What this task involves: Retyped exactly and without pictures, the lines from the one with "Состав:соевый воск,масло ши,зародышей" through the end of the listing must form the entire answer.

Raw data:
···
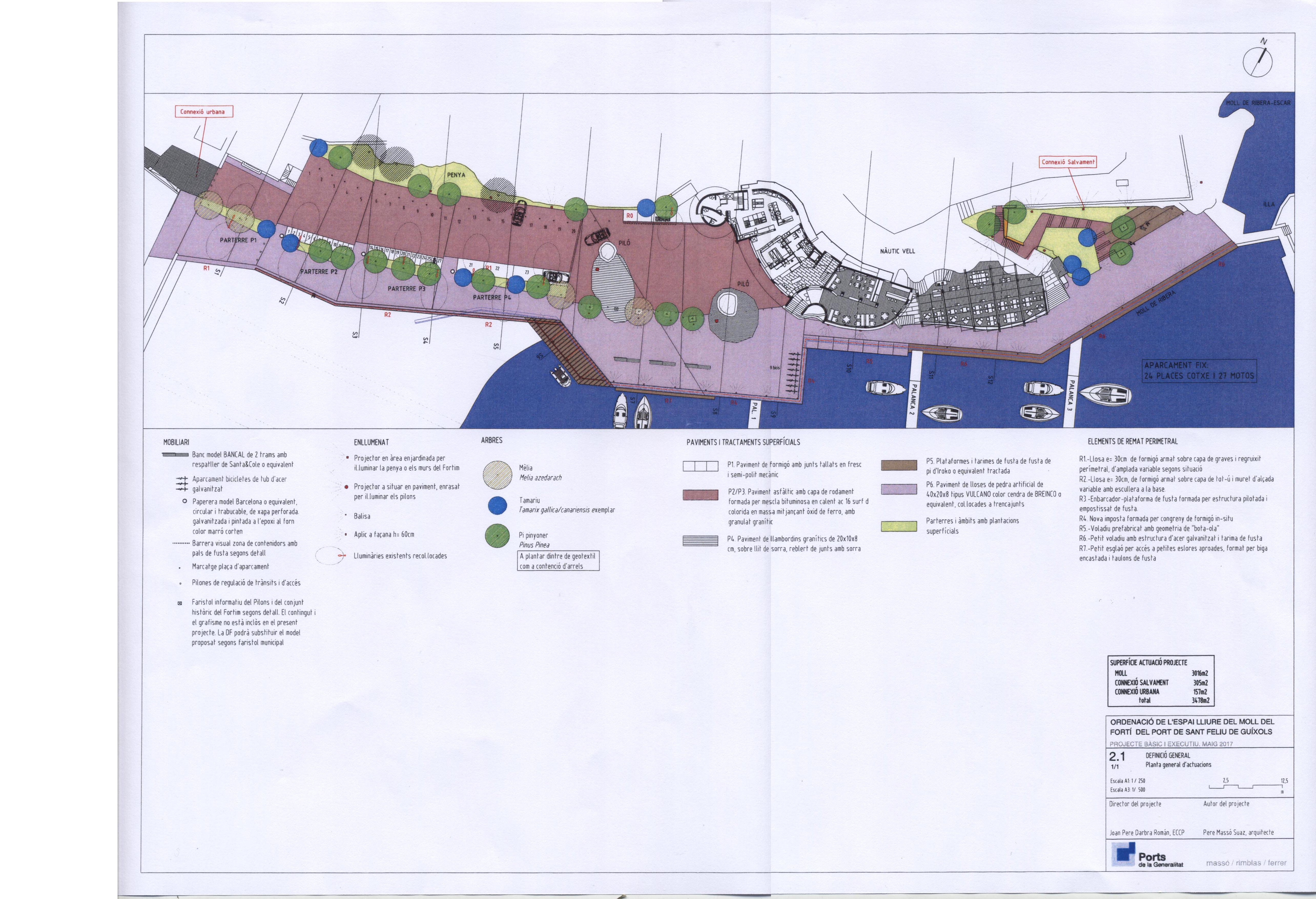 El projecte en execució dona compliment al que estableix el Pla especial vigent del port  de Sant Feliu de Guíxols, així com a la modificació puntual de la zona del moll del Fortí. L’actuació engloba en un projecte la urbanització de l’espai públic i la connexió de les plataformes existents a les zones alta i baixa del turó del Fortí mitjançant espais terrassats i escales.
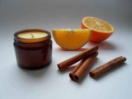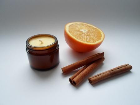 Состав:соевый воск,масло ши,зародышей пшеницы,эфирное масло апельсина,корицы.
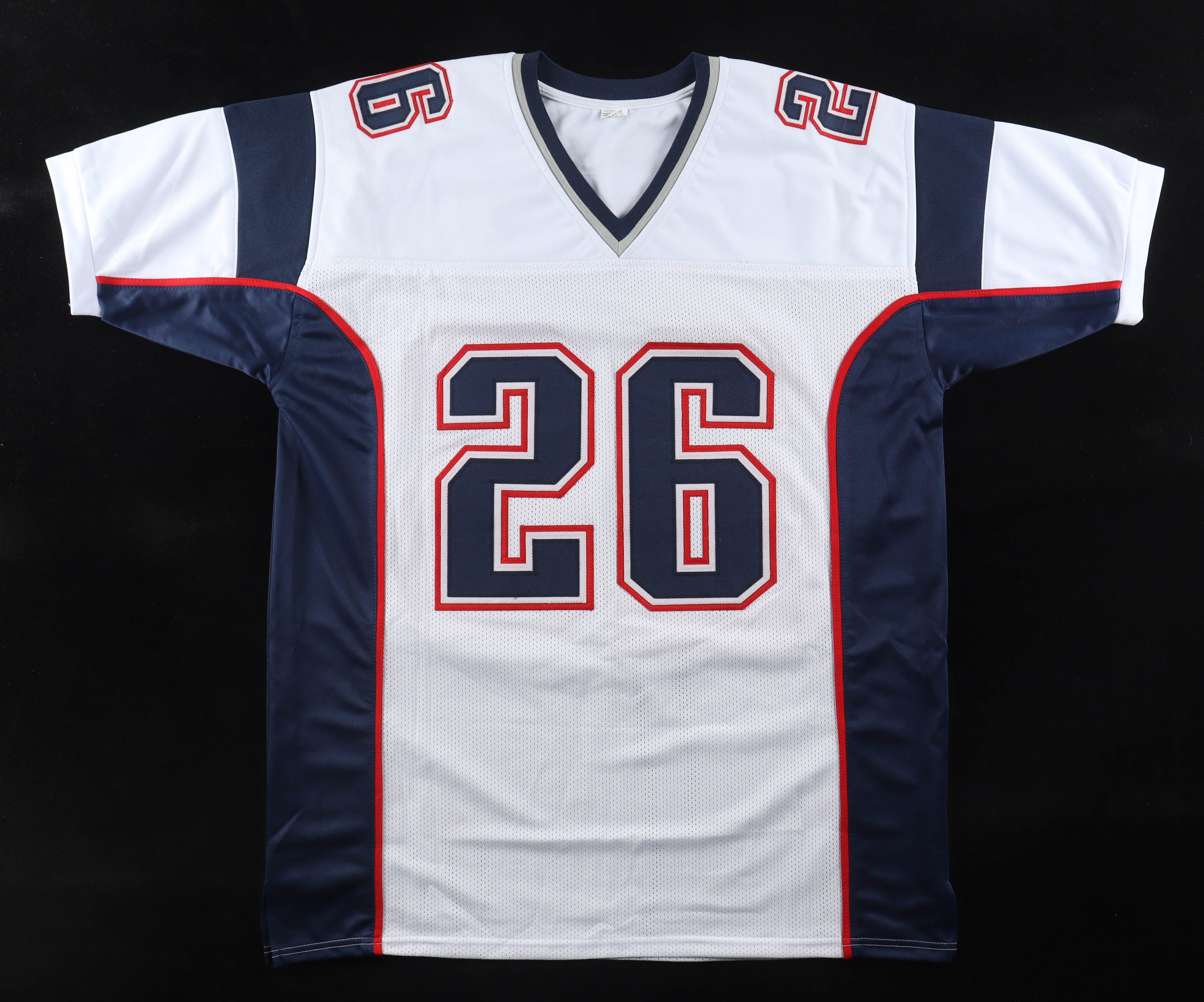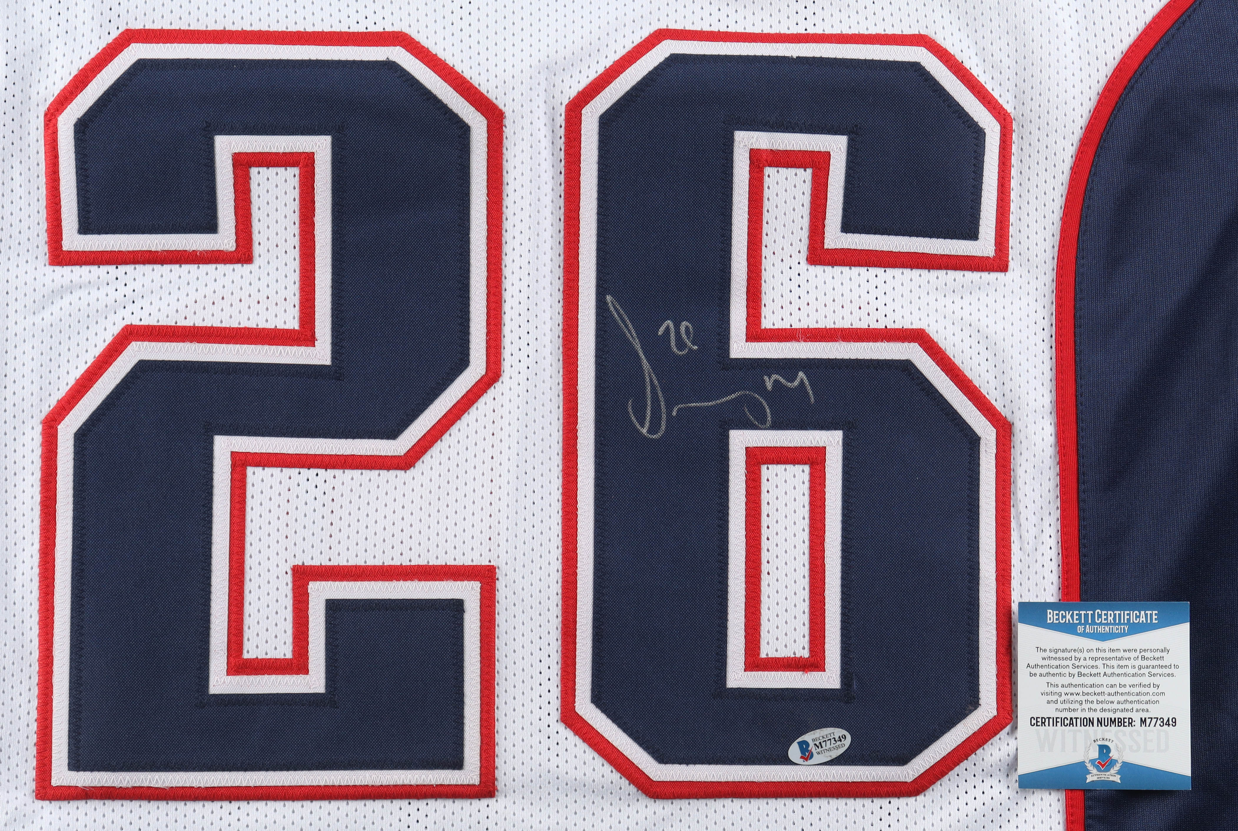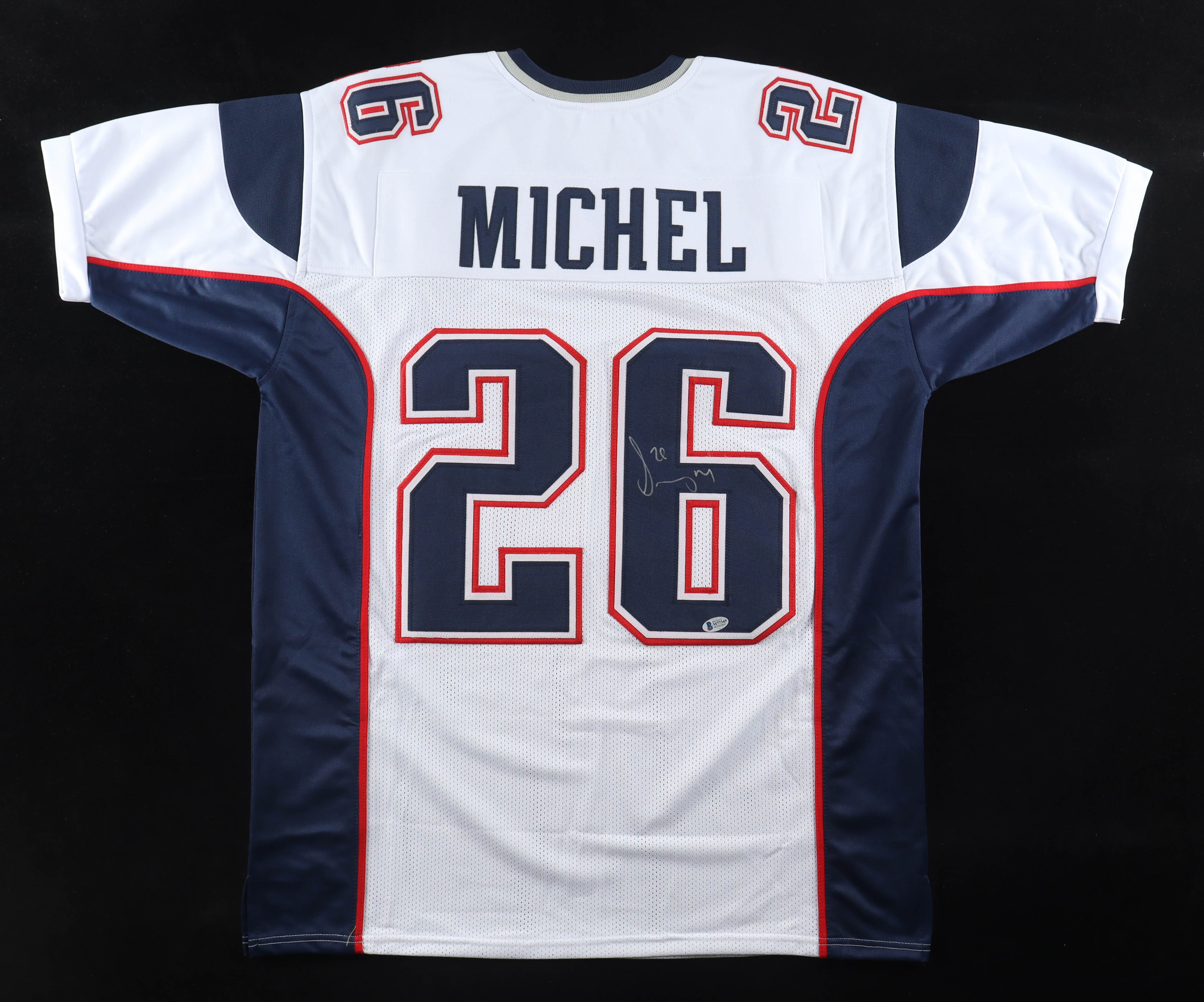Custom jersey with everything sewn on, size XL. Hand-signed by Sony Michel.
···
Solution:
 Состав:соевый воск,масло ши,зародышей пшеницы,эфирное масло апельсина,корицы.
Custom jersey with everything sewn on, size XL. Hand-signed by Sony Michel.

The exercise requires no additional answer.